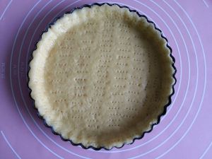 在派盘底部用叉子叉一些孔,以防止烤的时候底部鼓起。入烤箱,中层,190度烘烤,至派皮表面微黄,质地酥脆(约需要25-35分钟)。烤好的派皮冷却后,填入馅料即可。
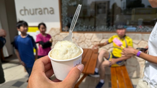 山から下りてきて市街地のアイスクリーム屋で一息
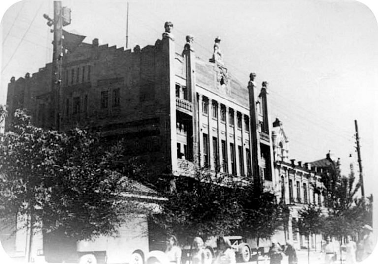 Будинок за проєктом відомого українського архітектора Віктора Естровича зведено у 1912 році. Будівлю в стилі модерн увінчували 5 скульптур на чолі з Гермесом – богом торгівлі та збагачення. Будинок був не лише красивим, але й продуманим технічно. Мав залізний дах, протипожежні стіни та вогнетривкі сходи.⠀
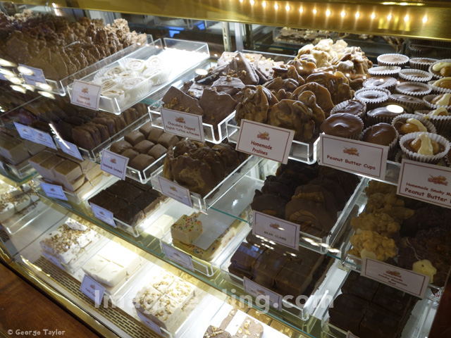The display cases near the order area and checkout contained an amazing number of homemade goodies. Fudge, candied apples, brownies and chocolate-covered items tempted everyone in our group.
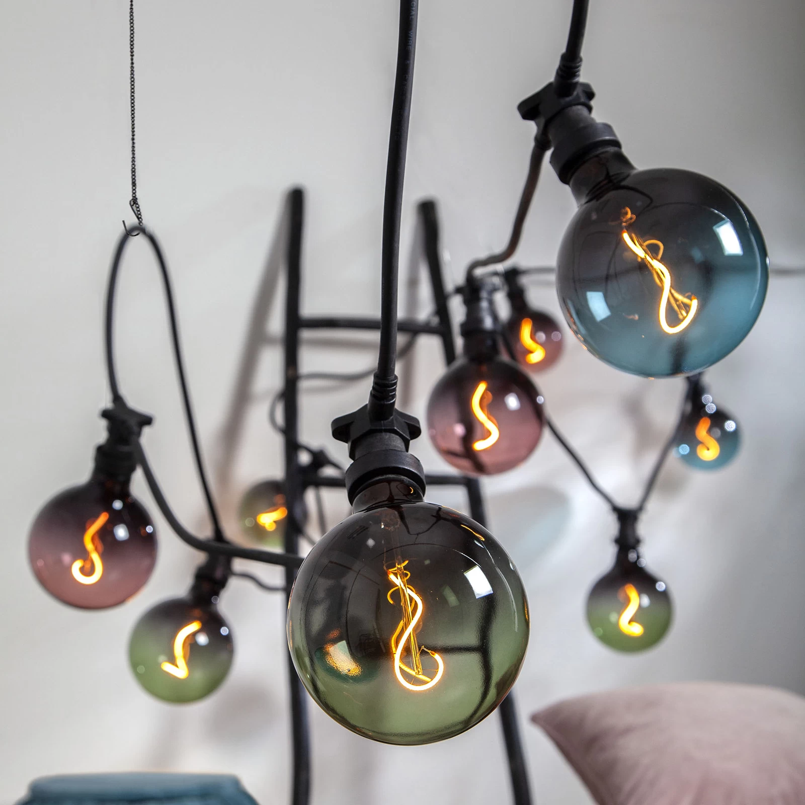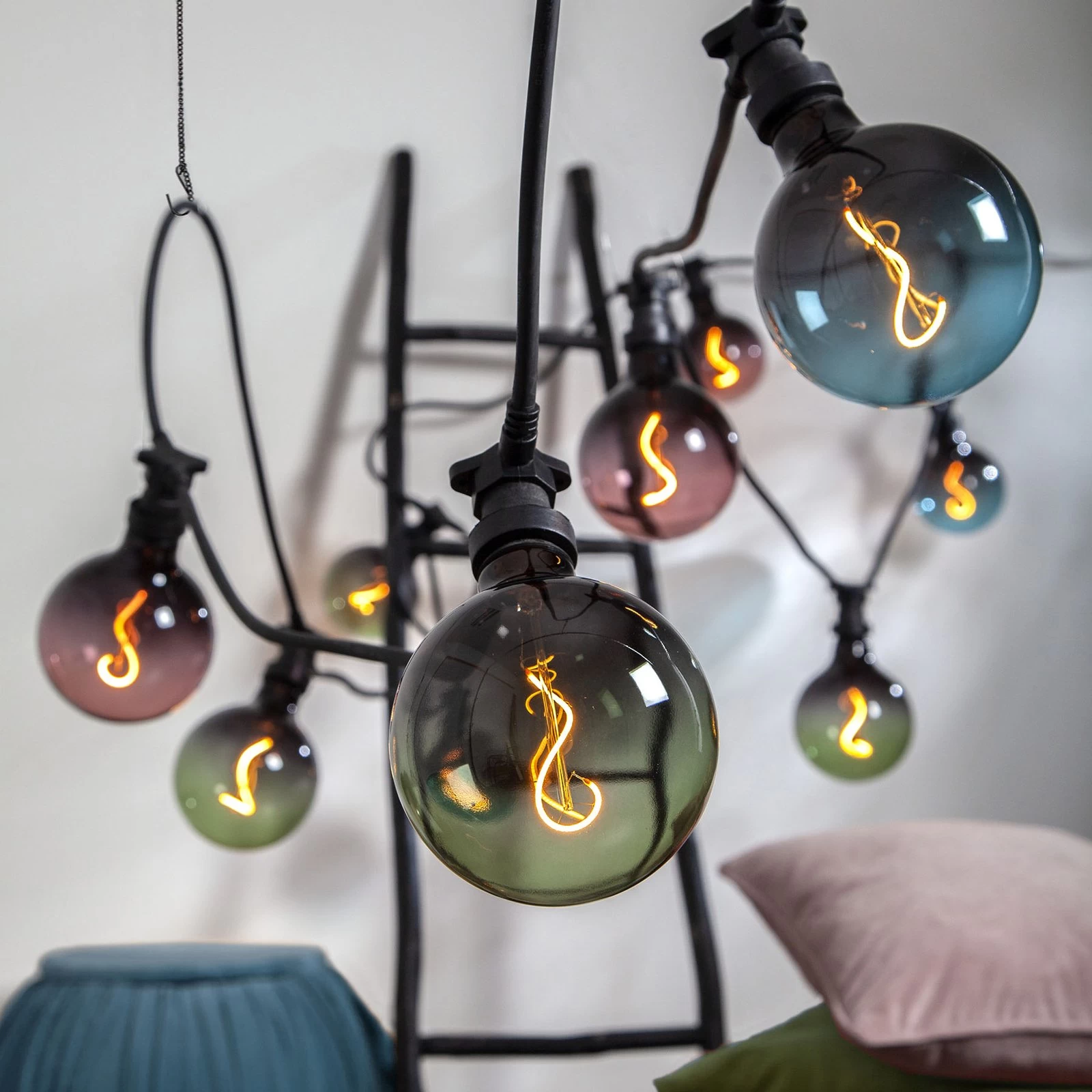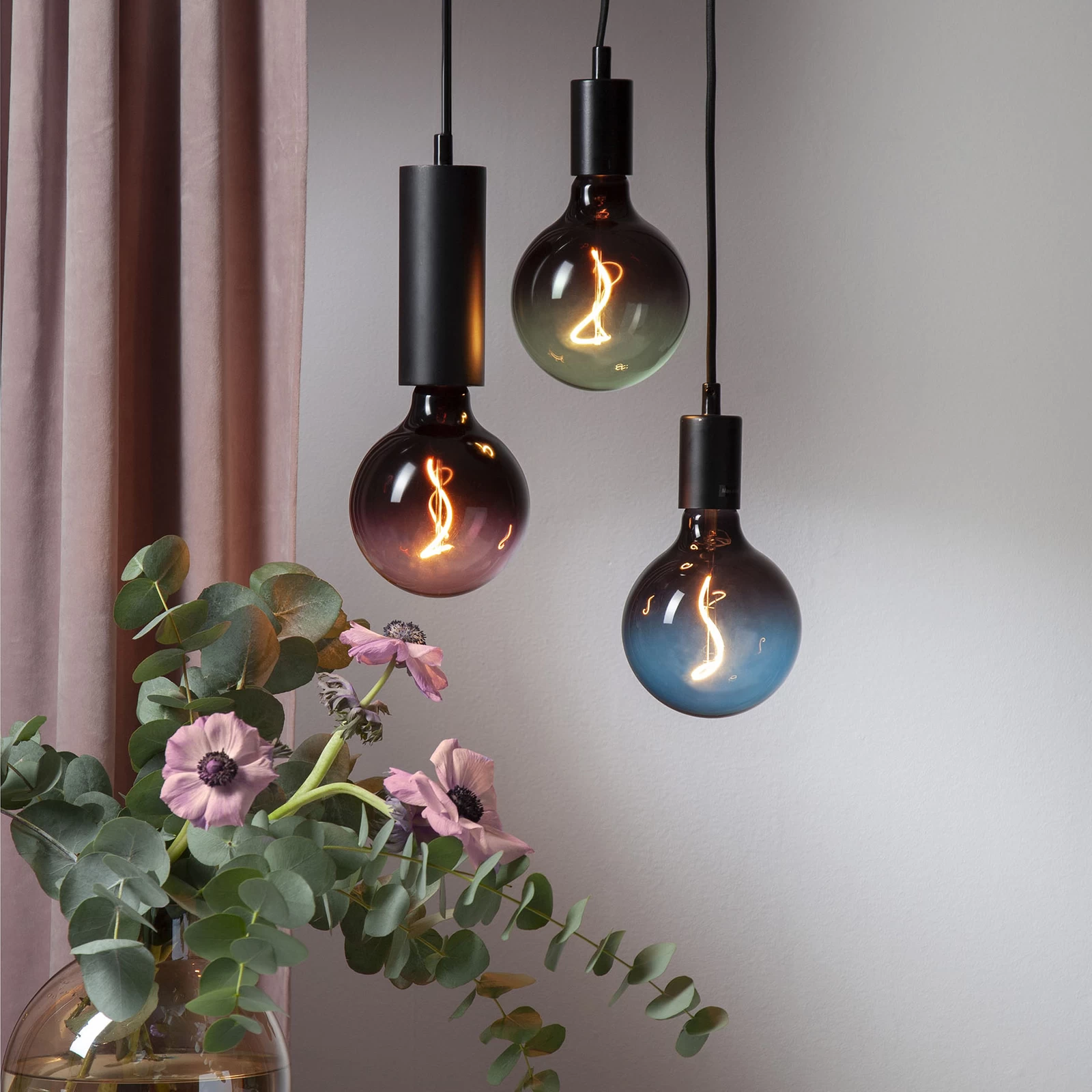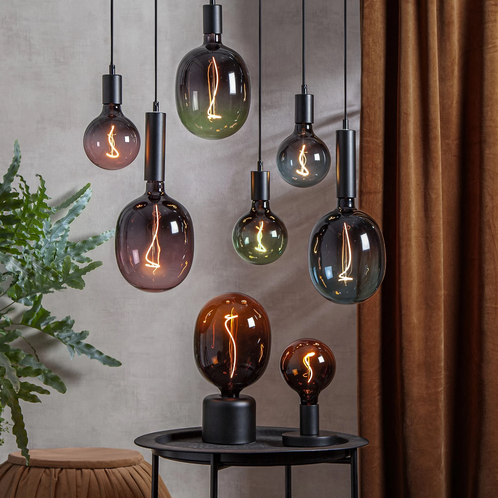 En betagende lysoplevelse! Denne kuglelampe har et klart glas, der er skinnende på ydersiden og farvet i en sort-rosa gradient. Indeni lyser en buet LED-glødetråd. Takket være det iøjnefaldende udseende kræver lampen ikke noget kompliceret armatur – en simpel ophængning med fatning er alt, hvad der er nødvendigt.
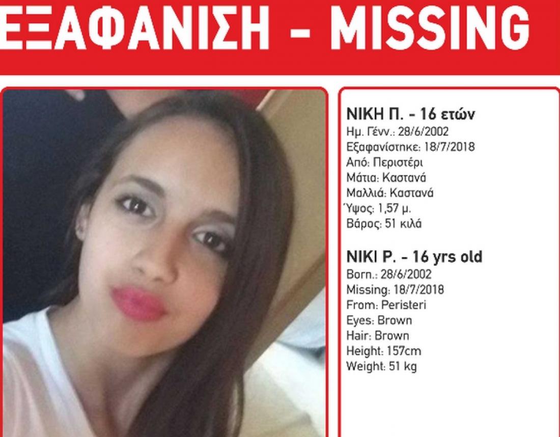 Αγωνία για τη 16χρονη Νίκη Π. που εξαφανίστηκε τις πρώτες πρωινές ώρες στις 18/7/2018 από το Περιστέρι.
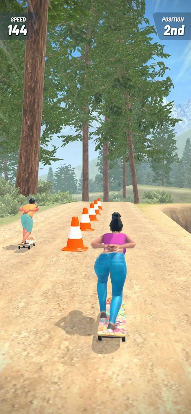 速度调控:在下坡时,需根据赛道的具体情况来调整速度。遇到平缓的斜坡可以适当保持较高的速度,利用坡度自然加速;然而,在陡峭的路段上,速度会迅速增加,这时需要注意控制速度,以防因速度过快而无法及时应对突发状况,例如来不及避开障碍物或在转弯时失去控制。
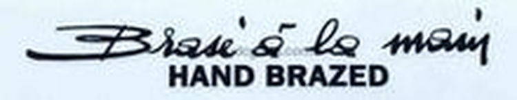 "Brase a la main" decal, usually positioned at rear of top tube. Printed white, or black or gold onto clear.

****************

● ASSIGNMENT: Output the data above in full. Skip every picture.

● EXERCISE SOLUTION:
 在派盘底部用叉子叉一些孔,以防止烤的时候底部鼓起。入烤箱,中层,190度烘烤,至派皮表面微黄,质地酥脆(约需要25-35分钟)。烤好的派皮冷却后,填入馅料即可。
 山から下りてきて市街地のアイスクリーム屋で一息
 Будинок за проєктом відомого українського архітектора Віктора Естровича зведено у 1912 році. Будівлю в стилі модерн увінчували 5 скульптур на чолі з Гермесом – богом торгівлі та збагачення. Будинок був не лише красивим, але й продуманим технічно. Мав залізний дах, протипожежні стіни та вогнетривкі сходи.⠀
The display cases near the order area and checkout contained an amazing number of homemade goodies. Fudge, candied apples, brownies and chocolate-covered items tempted everyone in our group.
 En betagende lysoplevelse! Denne kuglelampe har et klart glas, der er skinnende på ydersiden og farvet i en sort-rosa gradient. Indeni lyser en buet LED-glødetråd. Takket være det iøjnefaldende udseende kræver lampen ikke noget kompliceret armatur – en simpel ophængning med fatning er alt, hvad der er nødvendigt.
 Αγωνία για τη 16χρονη Νίκη Π. που εξαφανίστηκε τις πρώτες πρωινές ώρες στις 18/7/2018 από το Περιστέρι.
 速度调控:在下坡时,需根据赛道的具体情况来调整速度。遇到平缓的斜坡可以适当保持较高的速度,利用坡度自然加速;然而,在陡峭的路段上,速度会迅速增加,这时需要注意控制速度,以防因速度过快而无法及时应对突发状况,例如来不及避开障碍物或在转弯时失去控制。
 "Brase a la main" decal, usually positioned at rear of top tube. Printed white, or black or gold onto clear.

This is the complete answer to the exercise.